Our choice of eight days in Bergen was not owing to an excess of caution about making our ship boarding deadline. Reflecting on our time traveling over the last year we are reinforced in our conviction that we’re most happy exploring smaller cities and towns for a longer period of time. Not only do we get to know a place more thoroughly, really learning how people live, but we do it at a slower pace. Nothing takes the joy out of travel for us like the forced-march slog of seeing five museums in three days. Besides, we need our daily naps!
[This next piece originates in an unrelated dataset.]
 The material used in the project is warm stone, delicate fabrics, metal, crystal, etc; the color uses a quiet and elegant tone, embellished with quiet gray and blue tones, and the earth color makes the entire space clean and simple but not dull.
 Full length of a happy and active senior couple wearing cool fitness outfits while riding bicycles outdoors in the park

Bergen is in a fjord, which is a steep valley with a U-shaped floor, formed by glacial erosion. Norway has more fjords than anyplace on earth, and Bergen is a good place to check out the geography. Another characteristic of fjords is the collection of scree and debris at the mouth of the valley, pushed there by the glacier. The glacier that created Sojnefjord, the largest in Norway, scraped away 800 cubic miles of bedrock from the surrounding mountains, and deposited it deep on the seafloor at the mouth of its valley formed by successive glaciers sanding down the geography. The debris left at the mouth can inhibit the heavier salt water from entering under the lighter fresh water coming from the valley streams and waterfalls, making the water in the fjord much less salty at the surface and more salty below. This in turn affects the kind, quantity and quality of fish caught there.
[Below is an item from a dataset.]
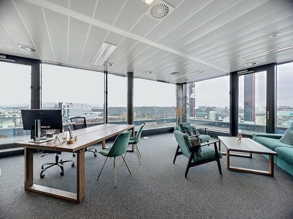 Situé au 5ème étage et offrant une vue splendide dégagée, nous vous proposons un grand espace de 570m2, subdivisible avec 2 places de parking. Découvrez un grand open space, des bureaux spacieux et extrêmement lumineux. L’espace est agencé de la manière suivante : une entrée, un grand open space, et 13 bureaux séparés par des cloisons en verre spacieux et lumineux, allant de 11 m² à 47 m². Un bel espace cuisine et salle à manger ainsi qu’ un local pouvant être utilisé comme espace d’archivage ou autre.

The inlets created by glacial action are numerous and somewhat parallel to one another, like fingers, creating the characteristic Norwegian coastline of long peninsulas. Wherever you walk in Bergen you are walking along a peninsula with water on either side of you. What an irony that this busy seaport should also have a history of fire. For almost a millennium Bergen was visited by major fires that wiped out parts or most of the city about every hundred years. At the Museum of Bergen archaeologists date the artifacts they dig up from the striations of ash they find as they dig, physical evidence of the cycle of building, fire, and rebuilding since the Middle Ages. What did they find? Well, not much. Bergen was and is a working town devoid of royalty, castles or the trappings of wealth that characterize other major cities. We saw lots of clay pipes, old swords and broken pottery in the museum. The museum also had a temporary exhibit on the centralization of laws in Norway some thousand years ago, more interesting than you’d think. First, the new system reflected a more just and humane approach to punishment, replacing corporal punishment with fines and focusing on restitution by the perpetrator rather than by the perpetrator’s family. There were also large sections devoted to inheritance of property, which must have been a legal headache at the time. Still is, I suppose.
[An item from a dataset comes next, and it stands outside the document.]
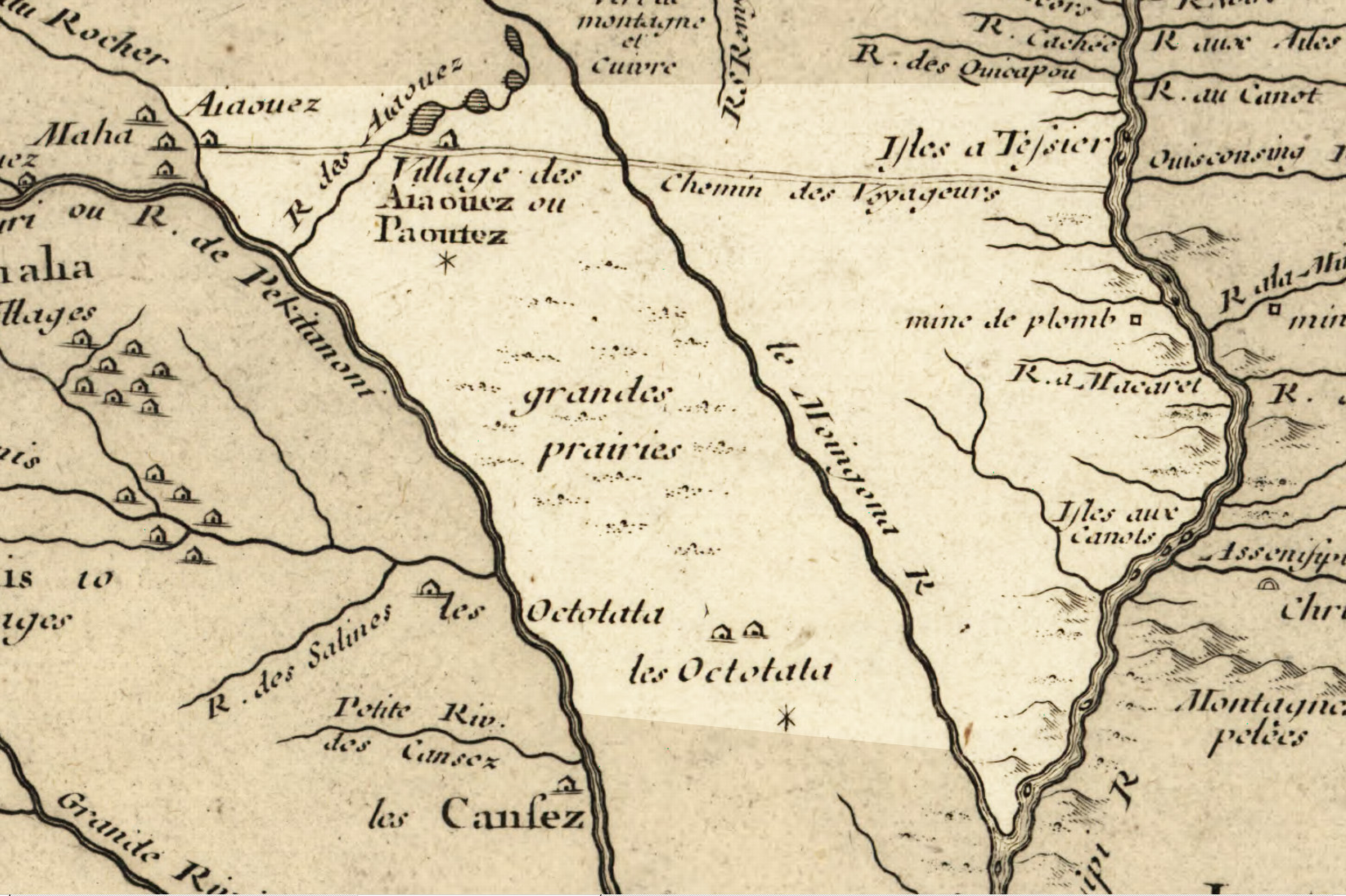 By the early 1700s, French explorers and fur traders (voyageurs) mapped the region and used long-established Native trails for travel and commerce. The 1702 Delisle Map and the 1718 Chemin des Voyageurs (“Path of the Voyageurs”) recorded routes linking the Mississippi to the Missouri River.

The Munch collection at the local art museum was impressive and reminded us that the painter benefitted from checking himself into a Copenhagen sanitarium, a place popular among the neurasthenic elite in the early twentieth century. There is a real demarcation between Munch’s dark paintings from before receiving treatment and after. His later palette is brighter, happier. The artist known for his desperate Scream stopped his dark brooding and painted really lovely landscapes and portraits, for the most part.
We are on our ship for twelve days in total, coming back to Bergen for a few days before we head out to Portugal and the warmer climes of the Iberian Peninsula.
Not sure that the Munch alteration of character is a good thing. Wish we could discuss over lamb shanks and wine.
Hurdy Gurdy :) Let's dance my friends! I miss jazzing around together.